What is enterococcus?

This type of bacteria contributes to:

  • Digestion of carbohydrates;
  • Vitamin compound;
  • Creation of immunity in the intestines.

If the number of enterococci in the stool is greater than the number of E. coli, this can lead to pathologies.

Why does the number of enterococci increase:

  • Due to helminths;
  • Lack of immunity:
  • Allergy to any food product;
  • Poor quality food;
  • Reducing the number of E. coli.

Bacteroides are reduced - what does this mean?

Bacteroides are actively involved in the digestion of fats. They originate in the intestines of the baby from the eighth month. The number of bacteroids is below normal due to:

  • Antibiotic treatment;
  • Intestinal infections (dysentery, salmonella, viral infections).

Enterobacteriaceae

They live mainly on the mucous membrane of the small and large intestines and are called anaerobic, that is, they do without oxygen. The pathogenic component is acquired through infection from a person or animal, consumption of low-quality eggs, milk and meat.

Lactobacilli

The number of these bacteria is about 4% of all intestinal bacteria; they are few, but they take part:

  • In normalizing the pH level;
  • In the synthesis of substances that kill pathogenic microbes;
  • In the production of lactose (an enzyme that helps the esophagus digest dairy products).

If the number of lactobacilli is reduced it means:

  1. Antibiotics, laxatives, and non-steroidal anti-inflammatory drugs were used;
  2. The diet was incorrect, fasting or artificial feeding (for infants) was used;
  3. There were intestinal infections;
  4. There were chronic pathologies of the gastrointestinal tract;
  5. It was a stressful situation.

Bifidobacteria for the intestines

Bifidobacteria live mainly in the large intestine. There are 24 strains of these bacteria, that is, pure, homogeneous offspring. Bifidobacteria:

  • Produce organic acids (lactic, acetic, etc.);
  • Maintain normal pH;
  • Protect against pathogenic flora;
  • Accelerate protein hydrolysis and fiber dissolution;
  • Strengthens intestinal peristalsis;
  • Helps absorb B vitamins, vitamin K and D;
  • They accelerate the functioning of the lymphatic system and the production of immunoglobulins, thereby strengthening the immune system.

When the number of bifidobacteria decreases, diarrhea, constipation, allergic reactions, and deterioration of immunity occur.

Stool analysis in children

The results of stool analysis for dysbacteriosis in children are somewhat different than in adults. This is due, first of all, to the gradual colonization of the intestines by microorganisms.

After birth, the child feeds on mother's milk, which promotes the development of normal microflora.

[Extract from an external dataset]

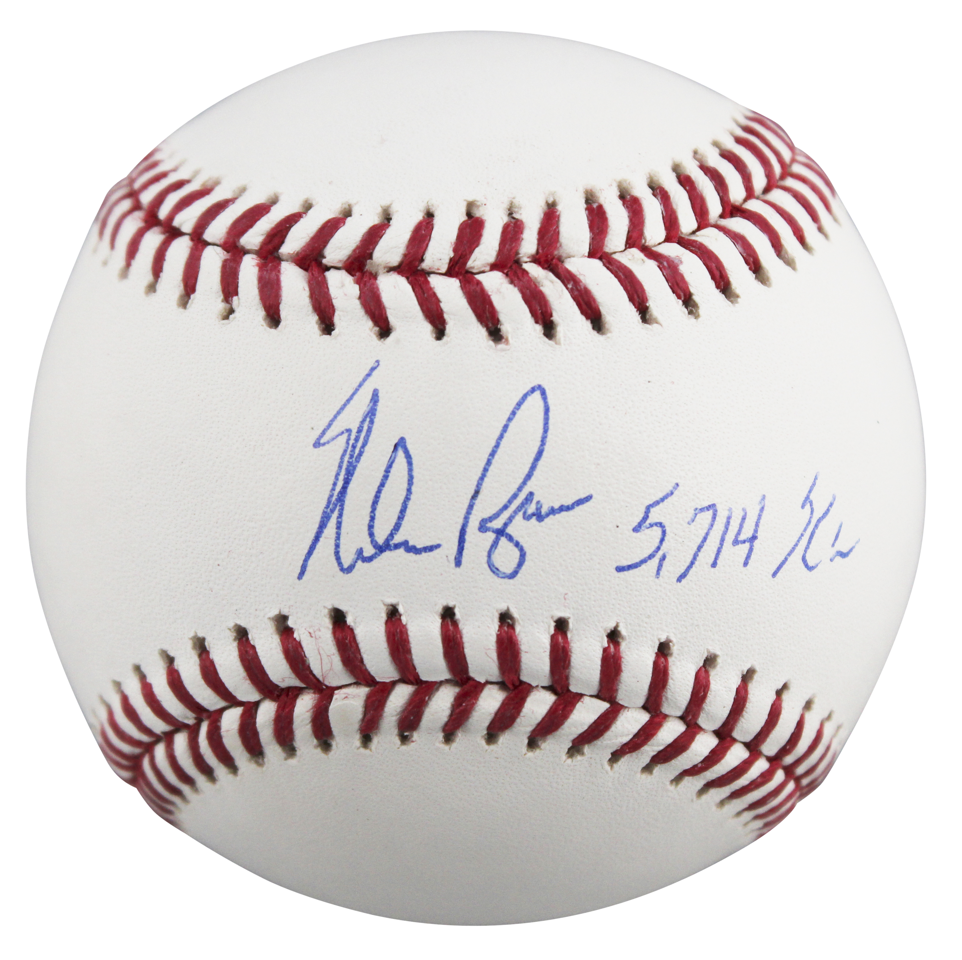 This Autographed Robert Manfred Oml Baseball with the inscription of "5714 K's" has been Personally Signed by Nolan Ryan of the Texas Rangers. This item is 100% Authentic to include a hologram by Beckett Authentication Services. This item will come with an affixed Beckett Authentication Services (BAS) authentication sticker, which includes a scannable QR code to verify authenticity. Please note that Beckett no longer provides serial-numbered COA cards, and the attached BAS sticker will serve as the complete authentication for this item. We have multiples of this same item. While the photographs are representative of this item, the size, placement and strength of the signature may vary. Each item is hand signed, therefore, each autograph is unique.

But in hospitals, infection with Staphylococcus aureus often occurs.

And if the mother does not have antibodies to this microorganism, then the baby will develop dysbacteriosis.

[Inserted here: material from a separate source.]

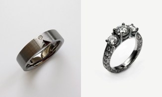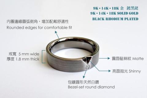 成品相當令人驚喜,經過客戶同意,我們決定也開放黑色選項給其他欲訂製本款戒指者,並趁歲末年終最後一發文與大家分享這件極致低調的設計。下面左圖為成品,戒指經過黑銠電鍍後仍呈現金屬光澤,而非如黑色烤漆般墨黑暗啞,硬要比喻的話,就是類似自然界黑膽石 (hematite) 的顏色。同時,無色透明的鑽石鑲嵌在黑底之上,整體呈現更為低調神秘,可參考下面右圖鑲滿鑽的婚戒,是不是特別有個性!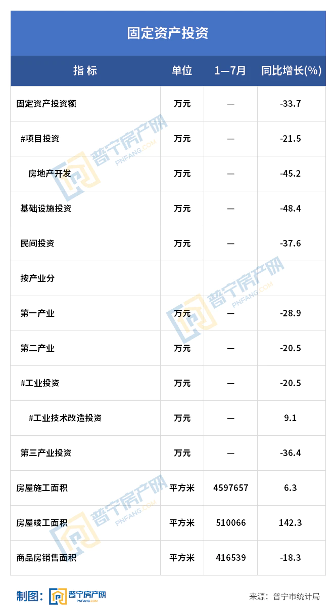 1-7月,全市固定资产投资下降33.7%。其中,项目投资下降21.5%;房地产开发投资下降45.2%。

In addition, some beneficial strains appear only within 1 year, such as bacteroides. Sometimes fungi of the genus Candida develop excessively in the child’s intestines, which provoke the corresponding disease - candidiasis.

The most common cause of dysbiosis in children is an early transition to artificial feeding. After all, the baby needs mother's milk in the first year of life.

Treatment of enterobacter infections

Due to the fact that enterobacteriaceae cause disease only in weakened patients, it is first of all necessary to increase immunity, avoid unfavorable factors, and treat the underlying pathology. In addition, increased levels of Enterobacter cloacae may occur with long-term use of antibiotics. In this case, it is necessary to discontinue therapy. If this is not possible, it is recommended to use drugs that protect against intestinal dysbiosis. These include preparations containing lacto- and bifidobacteria. Also, do not forget about symptomatic therapy.